GOAL OF THE EXERCISE
Go to the line below that has "Die Migros ruft", print it and each line after it exactly, and stop after the line that has "A single darling"; leave out pictures.

MATERIAL FOR THE TASK
=== Begin Enclosure ===

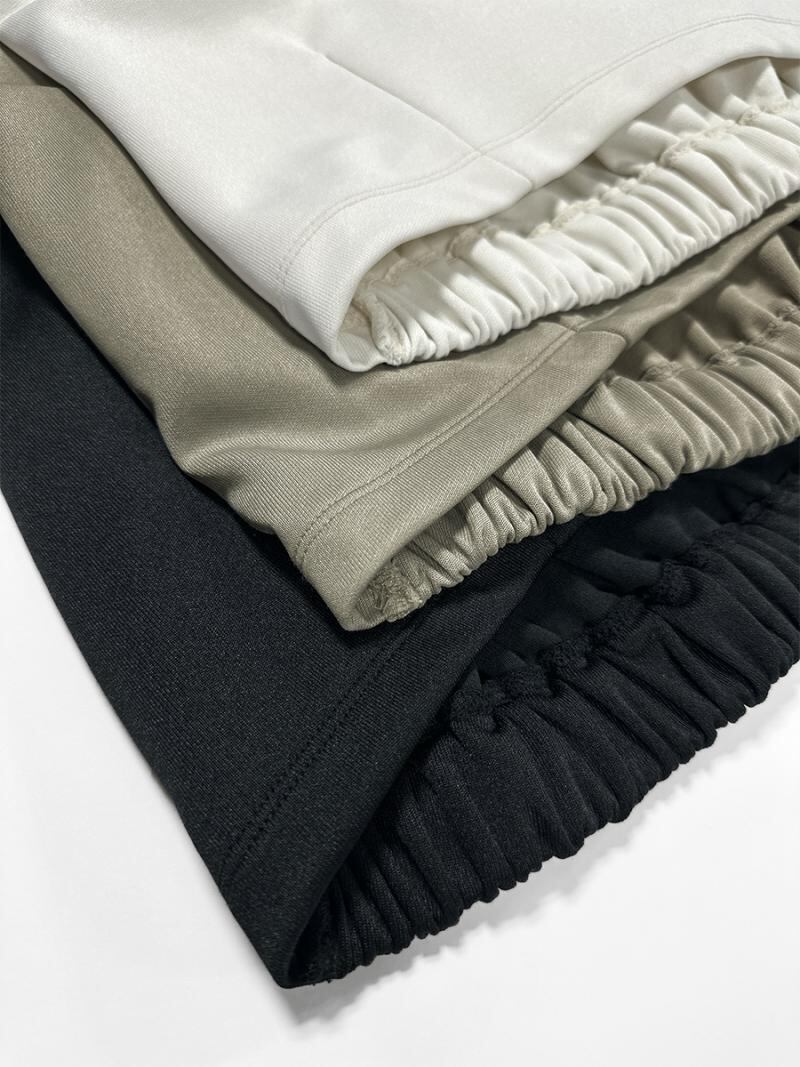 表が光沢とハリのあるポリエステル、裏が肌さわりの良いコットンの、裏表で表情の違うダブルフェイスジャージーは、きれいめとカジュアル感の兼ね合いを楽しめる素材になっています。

=== End Enclosure ===
=== Begin Enclosure ===

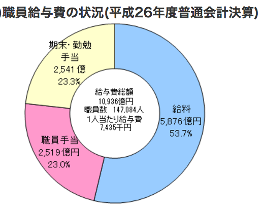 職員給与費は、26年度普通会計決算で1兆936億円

=== End Enclosure ===
=== Begin Enclosure ===

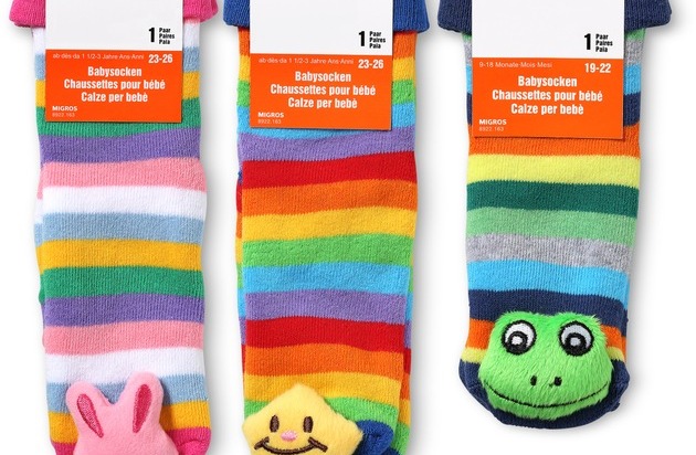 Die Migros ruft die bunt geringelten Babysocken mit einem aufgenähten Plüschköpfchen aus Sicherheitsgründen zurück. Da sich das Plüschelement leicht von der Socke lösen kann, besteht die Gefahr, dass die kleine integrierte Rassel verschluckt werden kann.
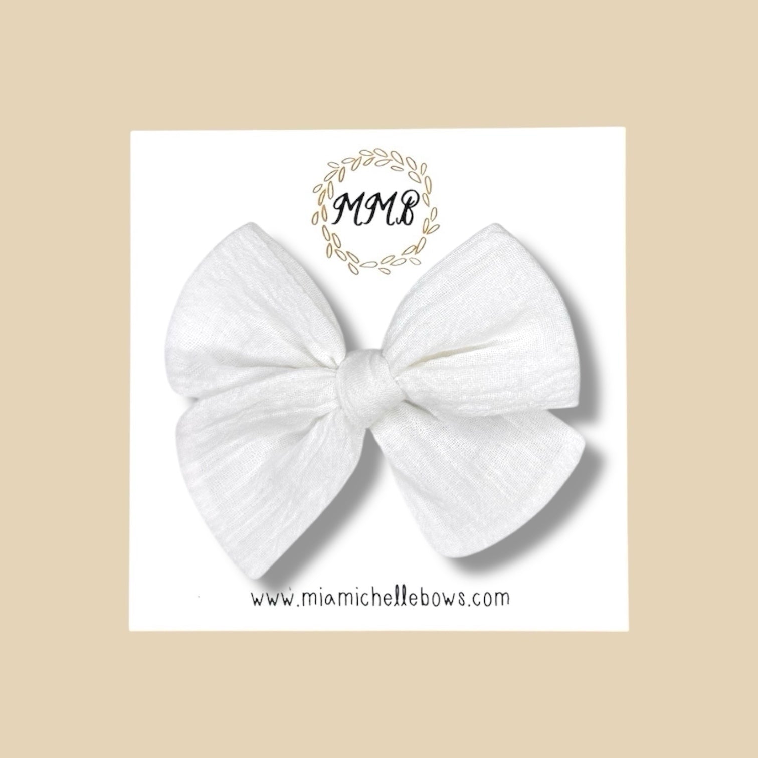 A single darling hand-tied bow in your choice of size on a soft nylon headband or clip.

=== End Enclosure ===

RESPONSE TO THE TASK
 Die Migros ruft die bunt geringelten Babysocken mit einem aufgenähten Plüschköpfchen aus Sicherheitsgründen zurück. Da sich das Plüschelement leicht von der Socke lösen kann, besteht die Gefahr, dass die kleine integrierte Rassel verschluckt werden kann.
 A single darling hand-tied bow in your choice of size on a soft nylon headband or clip.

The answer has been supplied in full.